梁锦棠下棋的手略顿,抬头看了对面的谢家世伯一眼。
那谢家世伯老眼昏花,全没在意他的眼神,一边落了子,一边又接着闲话:“……被惯得无法无天,简直同你小时候一样桀骜难驯,脾气极坏!”
显然谢家世伯没明白,即便是如今的梁锦棠,脾气也并没有好到哪里去。
梁锦棠长睫微敛,掩住眸中忽然涌起的躁郁,一改先前相对温和迂回的棋路,不动声色地落下步步杀招。
坐一旁陪客的扶风梁氏现任家主梁锦和显然慧眼如炬,略带警示地清了清嗓子,却见梁锦棠头也不抬,分明不愿给这面子。
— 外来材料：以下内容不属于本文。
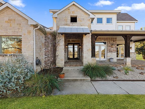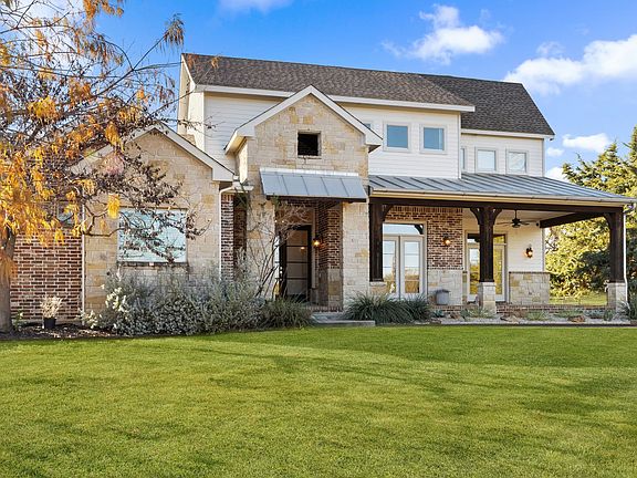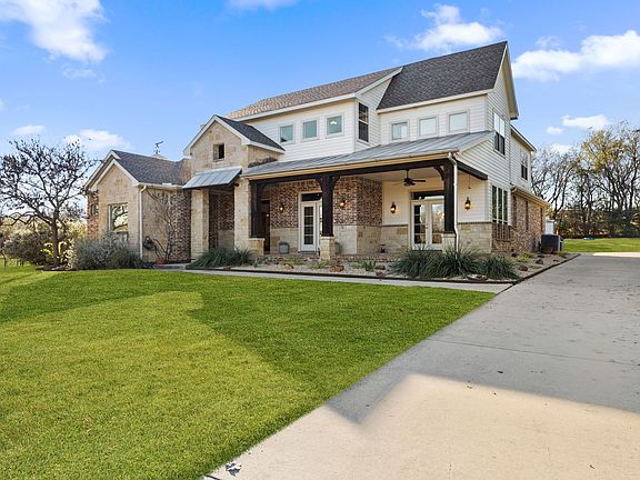 Situated on just under three acres in the heart of Lucas, this custom home offers privacy, functionality, and thoughtful design throughout, tucked away on a quiet cul-de-sac in highly sought-after Lovejoy ISD. A long driveway leads to a striking stone and brick exterior with a welcoming front porch, while inside the layout flows effortlessly for both everyday living and entertaining. Hand-scraped hardwood floors run throughout the main living areas on the first floor, setting a warm and timeless tone. The family room is anchored by a stone wood-burning fireplace and offers expansive views of the pasture and barn, opening to a large covered patio with gas stub for outdoor entertaining. The kitchen provides abundant storage with a five-burner gas cooktop, island seating, and a walk-in pantry with pull-out shelving, while the sunny breakfast room features French doors leading to the oversized covered front porch—an ideal space to unwind. The privately located primary suite overlooks the pasture and includes a large walk-in closet, separate shower, and garden tub. A secondary living area offers flexible use and includes a wet bar with sink and refrigerator, ideal for entertaining or everyday living. Upstairs, a spacious game room is joined by three generously sized bedrooms with walk-in closets, two sharing a bath and one with an ensuite bath. Additional highlights include a side-entry three-car garage with epoxy flooring, a 21x10 workshop with attic storage, 220-amp plug for a welder, and double doors for easy access, all surrounded by open, fenced land with no HOA restrictions.

谢家世伯像是还未看出梁锦棠的棋风变化,又落了一子后,转头向梁锦和抱怨道:“可惜懋安兄的女儿嫁人,儿子尚年幼,眼下青阳傅氏的嫡系血脉中并无太出色的子弟,不然老夫也好效仿你祖父当年的决断,将人送到傅家‘易子而教’,好生治治笙儿那顽劣的德性。”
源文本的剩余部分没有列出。